━━━━━ Data for this task ━━━━━

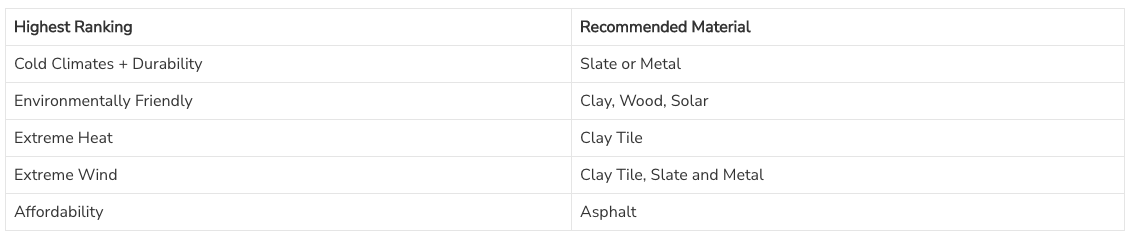 The best place to start is with budget and climate. These two factors will dictate the options available to you. It is also important to consider the design and the overall structure of your roof. For example, asphalt shingles are commonly used here in New England because they are affordable and energy efficient. If you live in a warmer climate and are looking for more of a design statement, materials like clay tile are often used. Reference the chart below to get a better sense of which roofing material is right for you. Prefer to speak with someone directly? Give us a call at (401) 246-0711 and our roofing team will be happy to assist.
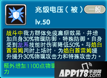 当亲密度达到三十级的时候-兆级电压:战斗中我方群体免疫麻痹效果,并增加自身30%物理防御,特殊防御。自身受到龙系技能时伤害降低50%。与焰白酋雷姆同时上场时,为焰白酋雷姆提升30%物理攻击力和特殊攻击力。属于被动技能。
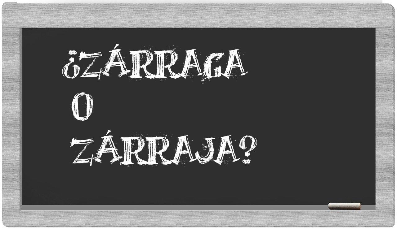 En la particular situación que involucra los términos zárraga y zárraja, no deberías experimentar incertidumbre alguna, puesto que únicamente zárraga es la forma correcta y aceptada; por su parte, zárraja no figura en el Diccionario de la Real Academia Española.
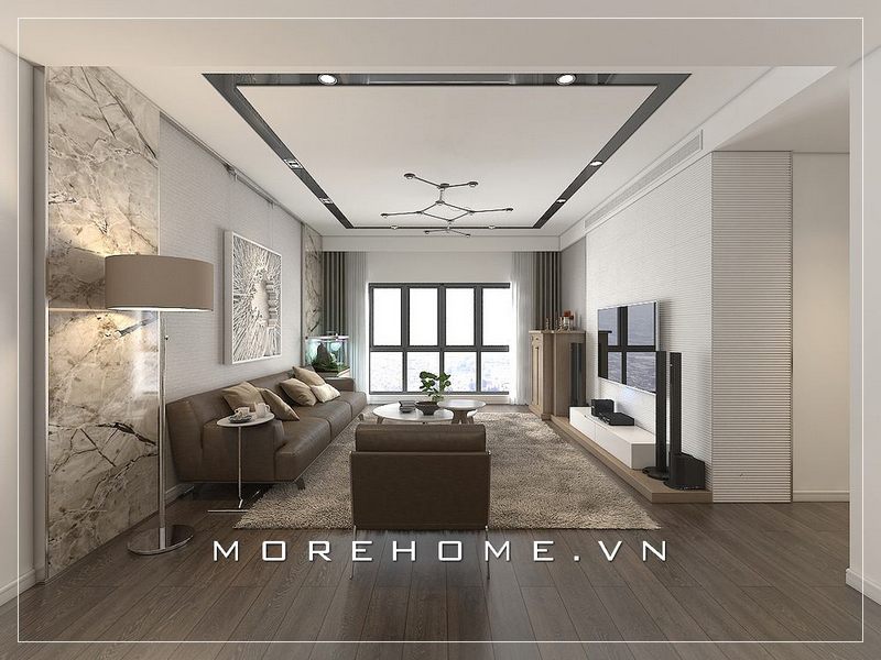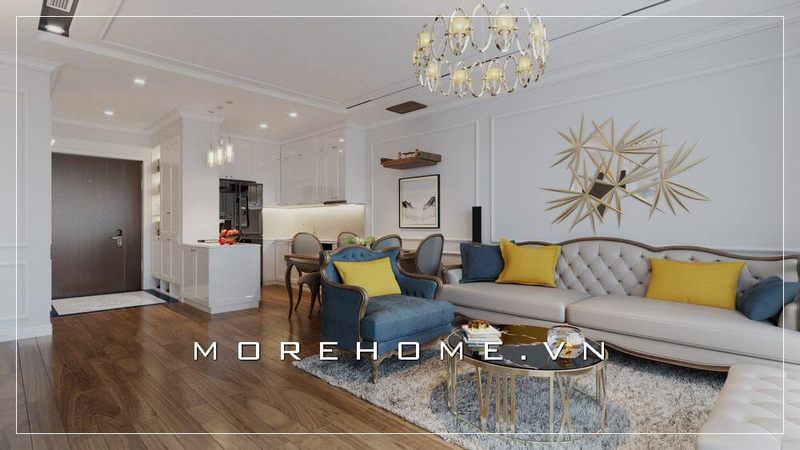 Sự kết hợp độc đáo của mẫu sofa tân cổ điển vỏ bọc da cao cấp được thiết kế theo kiểu văng đơn giản với ghế sofa đơn bọc nhung ấm áp và tone xanh tươi mới là trung tâm ấn tượng của phòng khách chung cư
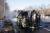 The blaze on the northbound side of the Trenton Freeway disrupted morning traffic.

━━━━━

Activity
Copy out all the entries exactly. Images stay out of the copy.

Solved exercise
 The best place to start is with budget and climate. These two factors will dictate the options available to you. It is also important to consider the design and the overall structure of your roof. For example, asphalt shingles are commonly used here in New England because they are affordable and energy efficient. If you live in a warmer climate and are looking for more of a design statement, materials like clay tile are often used. Reference the chart below to get a better sense of which roofing material is right for you. Prefer to speak with someone directly? Give us a call at (401) 246-0711 and our roofing team will be happy to assist.
 当亲密度达到三十级的时候-兆级电压:战斗中我方群体免疫麻痹效果,并增加自身30%物理防御,特殊防御。自身受到龙系技能时伤害降低50%。与焰白酋雷姆同时上场时,为焰白酋雷姆提升30%物理攻击力和特殊攻击力。属于被动技能。
 En la particular situación que involucra los términos zárraga y zárraja, no deberías experimentar incertidumbre alguna, puesto que únicamente zárraga es la forma correcta y aceptada; por su parte, zárraja no figura en el Diccionario de la Real Academia Española.
 Sự kết hợp độc đáo của mẫu sofa tân cổ điển vỏ bọc da cao cấp được thiết kế theo kiểu văng đơn giản với ghế sofa đơn bọc nhung ấm áp và tone xanh tươi mới là trung tâm ấn tượng của phòng khách chung cư
 The blaze on the northbound side of the Trenton Freeway disrupted morning traffic.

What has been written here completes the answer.